── MATERIAL PROVIDED
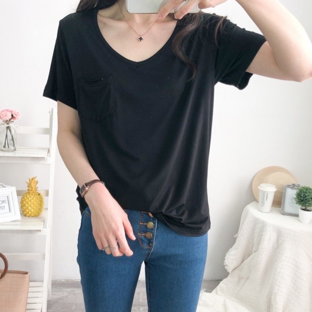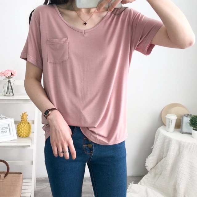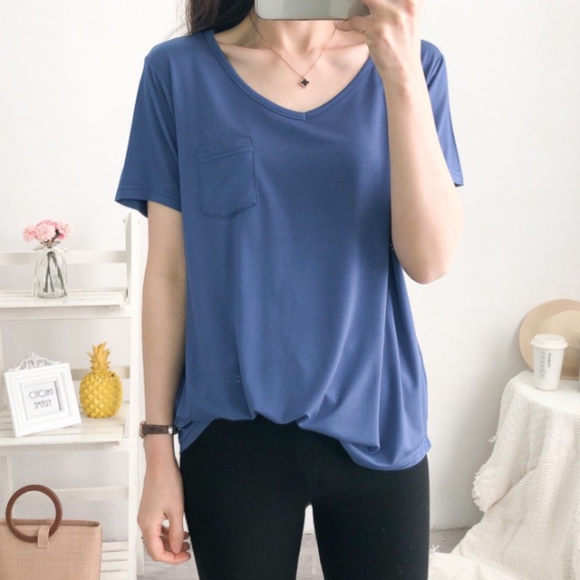 🌟𝗔𝗟𝗜𝗖𝗘𝗕𝗥𝗔🌟พร้อมส่ง10สี!! เสื้อยืด คอวี กระเป๋าหน้า ผ้าเรยอน ใส่สบาย ไม่ร้อน เสื้อยืดแฟชั่น เสื้อยืดน่ารัก
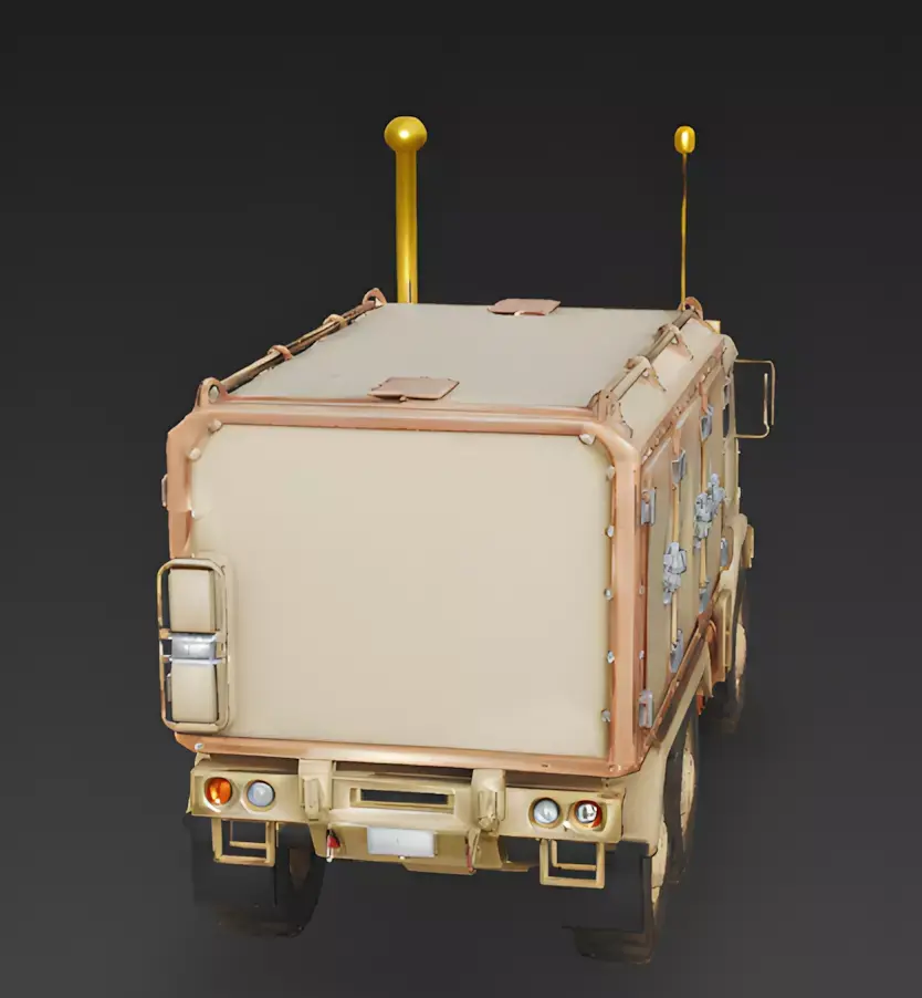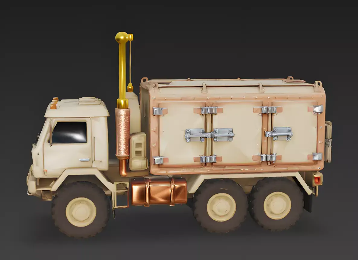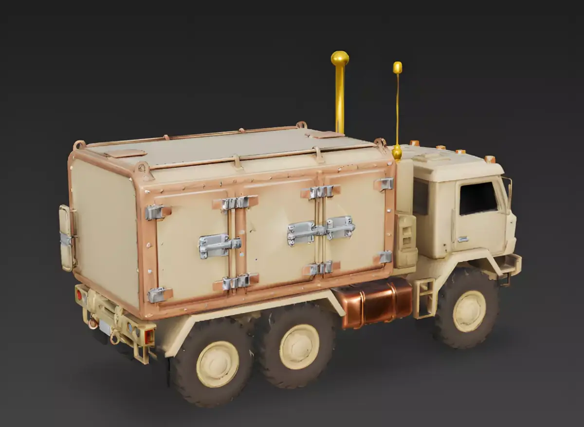 Reinforced Cargo ShelterThe rear of the truck features a massive, box-shaped communications shelter. The exterior is detailed with heavy-duty copper-colored rivets and multiple silver latch-locks, giving the impression of a secure, weather-proof environment for sensitive electronic equipment.
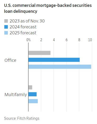 The commercial real estate market is facing a significant challenge with a record amount of loans coming due for refinancing. In 2023, $541 billion in debt backed by various types of commercial properties matured, marking the highest ever for a single year. This trend is expected to continue, with over $2.2 trillion in debt maturing by the end of 2027. While many loans were repaid or extended in 2022 and 2023, the extensions are now expiring, pushing borrowers to confront higher interest rates, vacancies, and weakening cash flows, which are lowering property values. The impact is widespread across various types of commercial properties, with office buildings particularly affected by remote and hybrid work trends, while multifamily and industrial sectors also show signs of weakness. Recent transactions of office buildings at significantly reduced prices compared to pre-pandemic levels signal potential equity losses for owners, with banks already experiencing substantial hits to their loan portfolios as loan defaults rise. Amidst these challenges, the intensifying property crisis in China adds further uncertainty, potentially leading to asset liquidation and further downward pressure on global property values. While concerns about the financial fallout from remote work persist, it's crucial to contextualize these challenges. Despite the severity of the situation, commercial real estate constitutes only a fraction of the overall property market, with offices representing a relatively small portion. Even in the worst-case scenario where all offices lost the entirety of their value in the US, losses from commercial property would only total roughly one-fourth of the broader residential real estate market's downturn experienced during the 2007-2009 financial crisis. Regulatory scrutiny is also increasing, with regulators closely monitoring commercial-property debt exposure, particularly among smaller banks. Measures such as aggressive write-downs and additional reserve requirements aim to mitigate potential losses and ensure financial stability amidst the evolving property landscape. While the impact of commercial real estate challenges is significant, it is unlikely to inflict severe, long-term damage on the financial system.
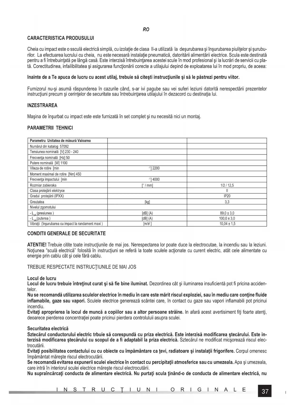 CARACTERISTICA PRODUSULUI Cheia cu impact este o ssculă electrică simplă, cu izolaţie de clasa II-a utilizată la deşurubarea şi înşurubarea piuliţelor şi şurubu- rilor. La efectuarea lucrului cu cheia, nu este necesară instalaţie pneumatică, datoritării alimentării electrice. Scula este destinată pentru a fi întrebuinţată pe lângă casă. Este interzisă întrebuinţarea acestei scule în mod profesional şi la lucrări de servicii cu pla- tă. Corectitudinea, infailibilitatea şi asigurarea funcţionării corecte a utilajului depind de exploatarea lui în mod propriu, de aceea: Inainte de a Te apuca de lucru cu acest utilaj, trebuie să citeşti instrucţiunile şi să le păstrezi pentru viitor. Furnizorul nu-şi asumă răspunderea în cazurile când, s-ar ivi pagube sau vei suferi leziuni datorită nerespectării prezentelor instrucţiuni precum şi cerinţelor de securitate sau întrebuinţarea utilajului în dezacord cu destinaţia lui. INZESTRAREA Maşina de înşurbat cu impact este este furnizată în set complet şi nu necesită nici un montaj. PARAMETRII TEHNICI Parametru Unitatea de măsură Valoarea Numărul din katalog 57092 Tensiunea nominală [V] 230 - 240 Frecvenţa nominală [Hz] 50 Putere nominală [W] 1100 Viteza de rotire [min
────
Everything in the listing except the pictures must come back exactly as written.

[WRITTEN REPLY]:
 🌟𝗔𝗟𝗜𝗖𝗘𝗕𝗥𝗔🌟พร้อมส่ง10สี!! เสื้อยืด คอวี กระเป๋าหน้า ผ้าเรยอน ใส่สบาย ไม่ร้อน เสื้อยืดแฟชั่น เสื้อยืดน่ารัก
 Reinforced Cargo ShelterThe rear of the truck features a massive, box-shaped communications shelter. The exterior is detailed with heavy-duty copper-colored rivets and multiple silver latch-locks, giving the impression of a secure, weather-proof environment for sensitive electronic equipment.
 The commercial real estate market is facing a significant challenge with a record amount of loans coming due for refinancing. In 2023, $541 billion in debt backed by various types of commercial properties matured, marking the highest ever for a single year. This trend is expected to continue, with over $2.2 trillion in debt maturing by the end of 2027. While many loans were repaid or extended in 2022 and 2023, the extensions are now expiring, pushing borrowers to confront higher interest rates, vacancies, and weakening cash flows, which are lowering property values. The impact is widespread across various types of commercial properties, with office buildings particularly affected by remote and hybrid work trends, while multifamily and industrial sectors also show signs of weakness. Recent transactions of office buildings at significantly reduced prices compared to pre-pandemic levels signal potential equity losses for owners, with banks already experiencing substantial hits to their loan portfolios as loan defaults rise. Amidst these challenges, the intensifying property crisis in China adds further uncertainty, potentially leading to asset liquidation and further downward pressure on global property values. While concerns about the financial fallout from remote work persist, it's crucial to contextualize these challenges. Despite the severity of the situation, commercial real estate constitutes only a fraction of the overall property market, with offices representing a relatively small portion. Even in the worst-case scenario where all offices lost the entirety of their value in the US, losses from commercial property would only total roughly one-fourth of the broader residential real estate market's downturn experienced during the 2007-2009 financial crisis. Regulatory scrutiny is also increasing, with regulators closely monitoring commercial-property debt exposure, particularly among smaller banks. Measures such as aggressive write-downs and additional reserve requirements aim to mitigate potential losses and ensure financial stability amidst the evolving property landscape. While the impact of commercial real estate challenges is significant, it is unlikely to inflict severe, long-term damage on the financial system.
 CARACTERISTICA PRODUSULUI Cheia cu impact este o ssculă electrică simplă, cu izolaţie de clasa II-a utilizată la deşurubarea şi înşurubarea piuliţelor şi şurubu- rilor. La efectuarea lucrului cu cheia, nu este necesară instalaţie pneumatică, datoritării alimentării electrice. Scula este destinată pentru a fi întrebuinţată pe lângă casă. Este interzisă întrebuinţarea acestei scule în mod profesional şi la lucrări de servicii cu pla- tă. Corectitudinea, infailibilitatea şi asigurarea funcţionării corecte a utilajului depind de exploatarea lui în mod propriu, de aceea: Inainte de a Te apuca de lucru cu acest utilaj, trebuie să citeşti instrucţiunile şi să le păstrezi pentru viitor. Furnizorul nu-şi asumă răspunderea în cazurile când, s-ar ivi pagube sau vei suferi leziuni datorită nerespectării prezentelor instrucţiuni precum şi cerinţelor de securitate sau întrebuinţarea utilajului în dezacord cu destinaţia lui. INZESTRAREA Maşina de înşurbat cu impact este este furnizată în set complet şi nu necesită nici un montaj. PARAMETRII TEHNICI Parametru Unitatea de măsură Valoarea Numărul din katalog 57092 Tensiunea nominală [V] 230 - 240 Frecvenţa nominală [Hz] 50 Putere nominală [W] 1100 Viteza de rotire [min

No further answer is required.